There are now several different types of hysterectomies; it’s no longer grandma’s hysterectomy with a weeks-long hospital stay. The method used depends on the condition, and the risks and recovery times vary accordingly. There’s vaginal, laparoscopic, or abdominal, for example.
Real women. Real stories.
One factor that has likely contributed to the rise in hysterectomies is the ability to test for the BRCA mutation. Rachel (last name withheld upon request) has the BRCA1 mutation, putting her at high risk for both breast and ovarian cancer. Her lifetime risk of developing ovarian cancer (prior to surgery) was up to 54 percent. Because there’s no good screening for this kind of cancer, it was strongly suggested that she remove her ovaries once she was 35 and done having kids.
“I really viewed the hysterectomy as a necessary surgery, not a preventative one, and I think most of my family/friends shared this view,” Rachel says. “I remember clearly the nurse in the operating room reviewing the surgery and calling it elective, and I corrected her!”
Rachel waited to have the surgery until her youngest was walking, but once she made the decision, she scheduled it right away. She chose to have a full hysterectomy because she would be in menopause regardless, and she wanted to be as thorough in her risk reduction as possible. “I really viewed the hysterectomy as a necessary surgery, not a preventative one, and I think most of my family/friends shared this view,” Rachel says. “I remember clearly the nurse in the operating room reviewing the surgery and calling it elective, and I corrected her!”
As soon as the surgery was completed, she went on hormone replacement (estrogen patch) due to her young age, and has yet to feel any symptoms of menopause.

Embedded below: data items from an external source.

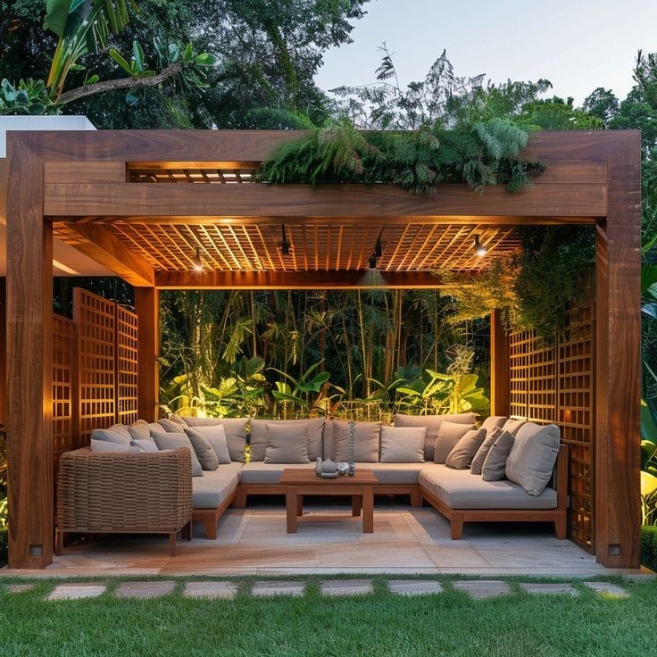 - فكّر في الإضاءة: تركيب إضاءة خافتة أو سبوتات داخل البرجولة يضيف لمسة فاخرة.
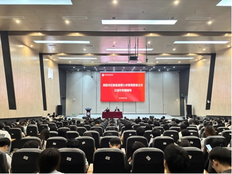 新闻网讯(供稿/供图 党群工作部)为将党纪学习教育落在实处、推向深处,帮助学校师生党员进一步学习好、领会好、贯彻好新修订的条例,6月14日上午,鸭脖特邀市纪委监委第九审查调查室主任汪波到鸭脖作党纪学习教育专题辅导,我省教育厅(省委教育工委)民办高校党组织书记、鸭脖党委书记邓维实主持会议并讲话,鸭脖各二级学院院长,党总支书记、直属党支部书记、支委及师生党员代表共计300余人参加此次活动。
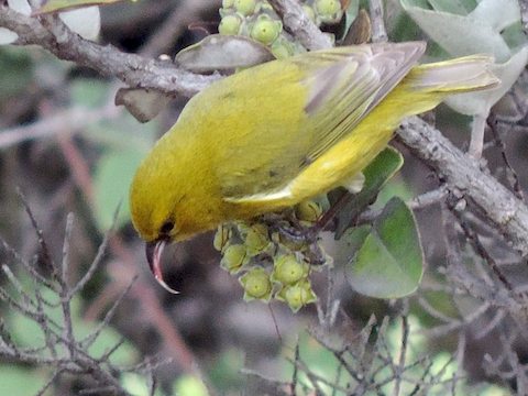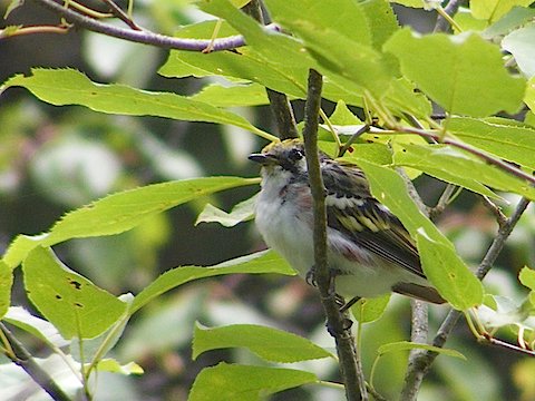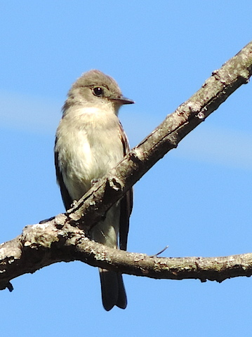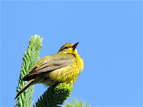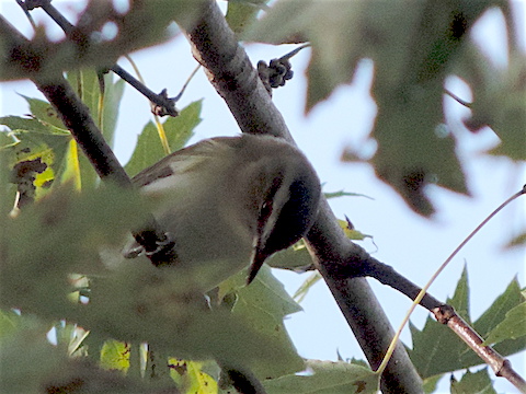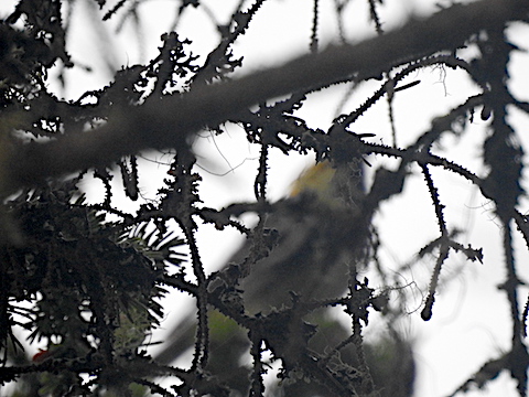 Maybe a female Black-throated Green Warbler seen high in a tree at Cobscook Bay State Park, Maine (July 2019) |
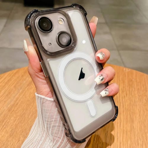 Funda para iPhone 14 Plus Magnética Magsafe Acrílico Transparente + TPU (Negro Transparente)
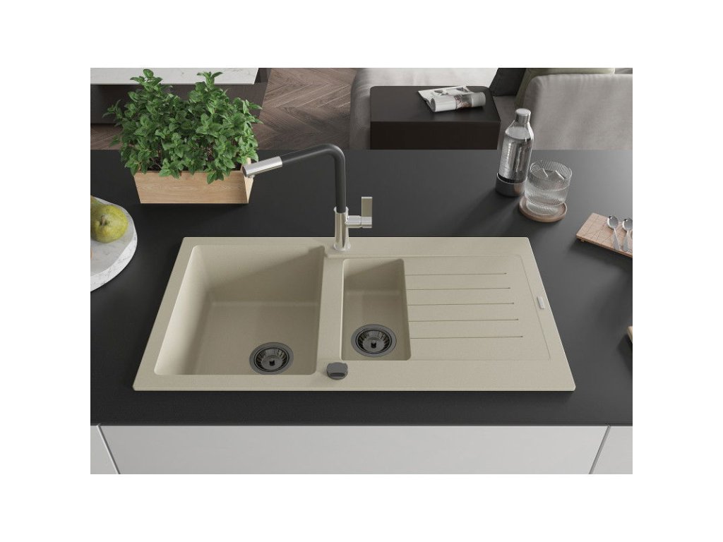 Granitový drez Mexen Matias s 1,5 miskou, odkapávačom a kuchynskou batériou Flora, béžový - 6502-69-670401-07-B
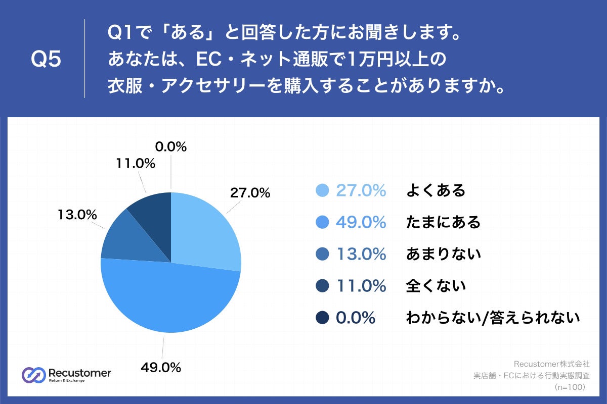 次にQ1で「ある」と回答した方に、1万円以上の高単価の製品に絞った際の購買行動を明らかにするため、「Q5.あなたは、EC・ネット通販で1万円以上の衣服・アクセサリーを購入することがありますか。」(n=100)と質問したところ、「よくある」が27.0%ととどまるという結果になりました。
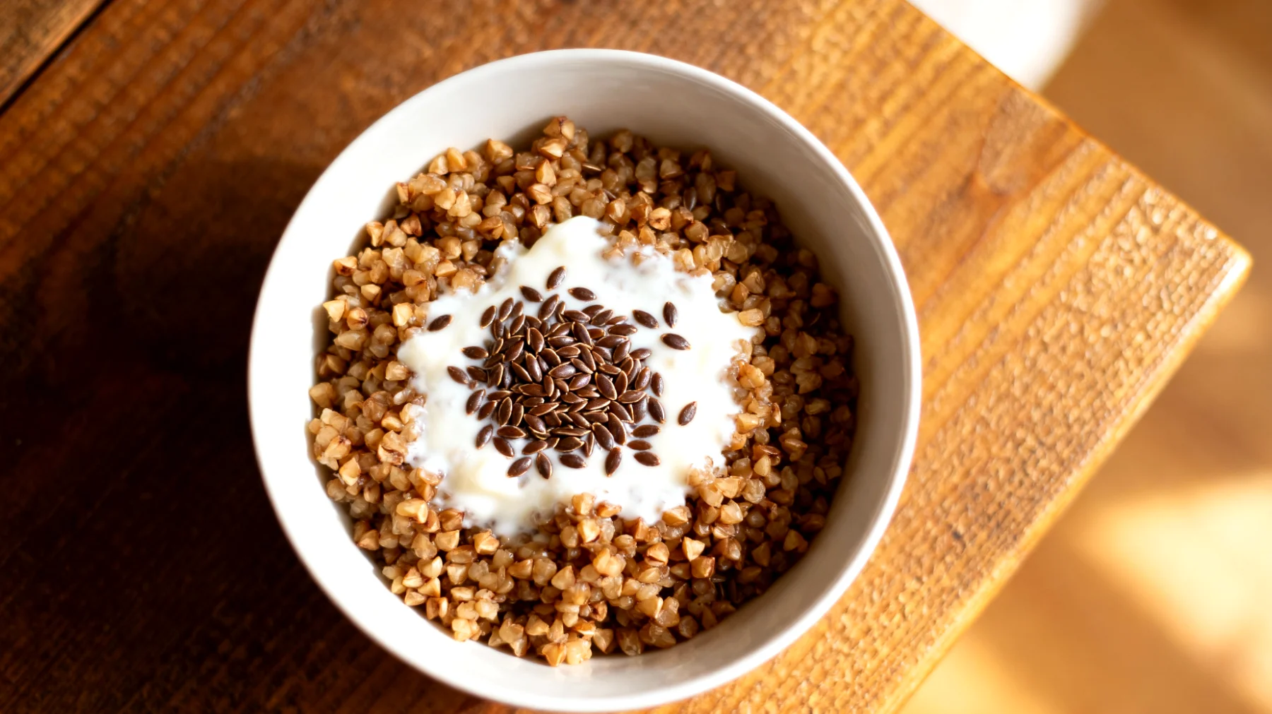 Die Zubereitung ist denkbar einfach: Kasha entweder kurz aufkochen und ausquellen lassen oder direkt mit reichlich Kefir übergießen und 15 Minuten ziehen lassen. Letztere Variante eignet sich besonders für die schnelle Vorbereitung und erhält mehr Nährstoffe. Ein Esslöffel geschrotete Leinsamen unterrühren – fertig.
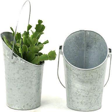 ถังเหล็กใส่ดอกไม้ทำจากโลหะมีที่จับทันสมัยถังเหล็กสำหรับตกแต่งบ้านและสวนสำหรับสถานรับเลี้ยงเด็ก
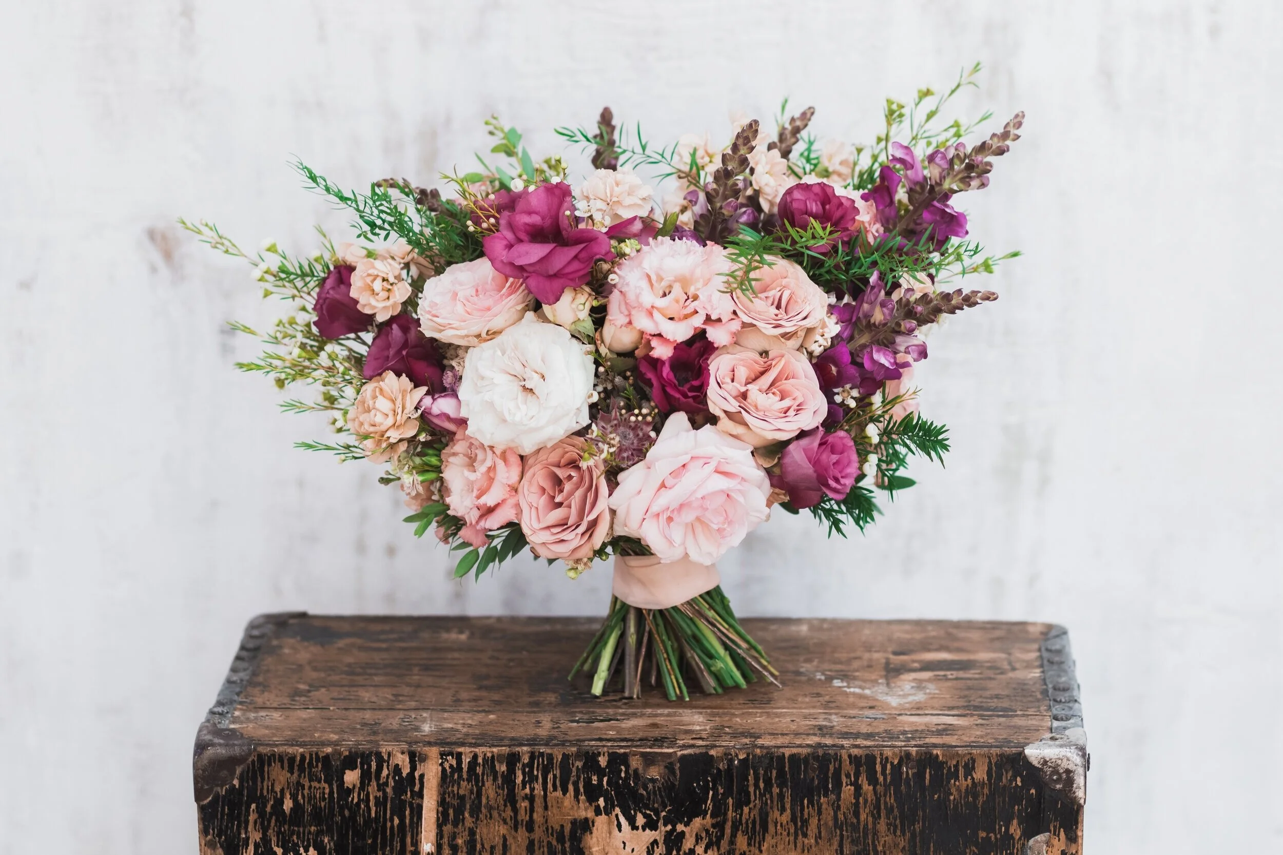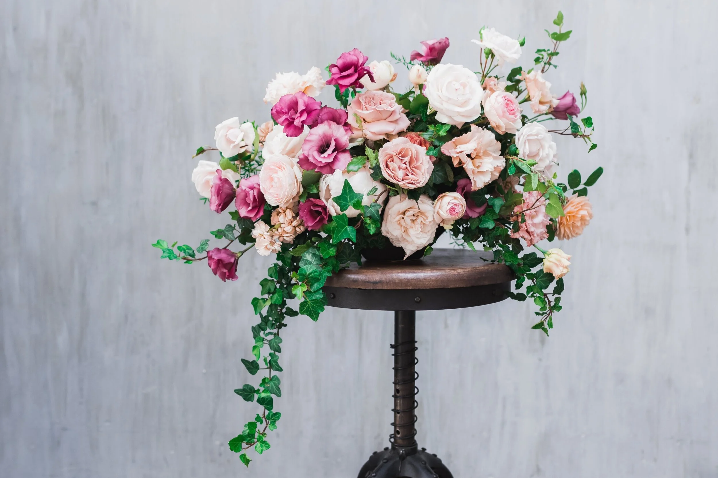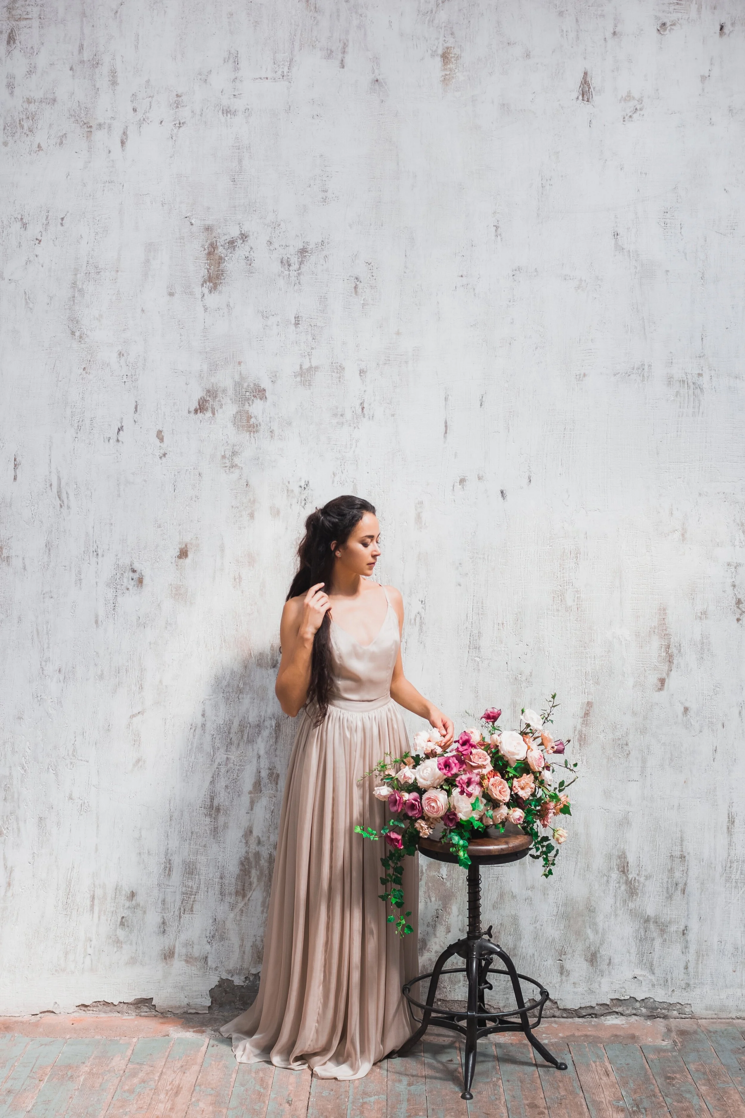 These taupe and deep mauve pairs so well with the fuchsia. I haven’t had a chance to work with this floral palette in quite some time - and it has me all kinds of giddy. I used an abundance of the same type and colors of flowers to really make a large impact - and keep the cost of the shoot manageable. The ivy and greens were locally sourced from the student botanical gardens.
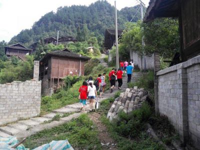 爬坡去寻找村里人家
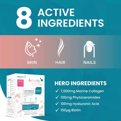 With a unique blend of ingredients including Marine Collagen, Hyaluronic Acid, Phytoceramides, Biotin , Beauty Complex encompasses all the essentials for achieving gorgeous hair, skin and nails.

In contrast, Kathy McKernie had a severe case of endometriosis from the age of 13 on. Her doctor only wanted to take “half my stuff out,” she recalls, but she told him he should take out all of it. She had already tried having kids unsuccessfully, even with in-vitro. Her womb was called a hostile environment; nothing was going to grow in there. She has no regrets, and hasn’t experienced menopausal symptoms. Her advice is to get the procedure while young and healthy.
Nicole DeFranco had multiple large fibroid tumors and her period every day for a year. When she was 35, she was told hysterectomy was her only alternative if she wanted to live. She didn’t want one and was very upset. She only had one child and wanted more. She waited a long time because she hoped her condition would improve, but her tumors were too large to do anything else.
Unfortunately, DeFranco experienced complications with her surgery and needed a hysterectomy repair. She was able to keep her ovaries, but no longer has a cervix. “Emotionally, I was upset to never have any more kids,” she says, “but [I’m] happy I never had my period again.” The only thing she would have done differently was not wait so long, because it was inevitable.
Like anything else, it’s important to weigh the positives and negatives, Rachel says. Although she hasn’t felt the symptoms of menopause, she has bone density issues related to the surgery and the resulting hormonal changes, and feels it’s important to look at your overall health. “For me, it was the right decision, but I think it is different for each person,” she says.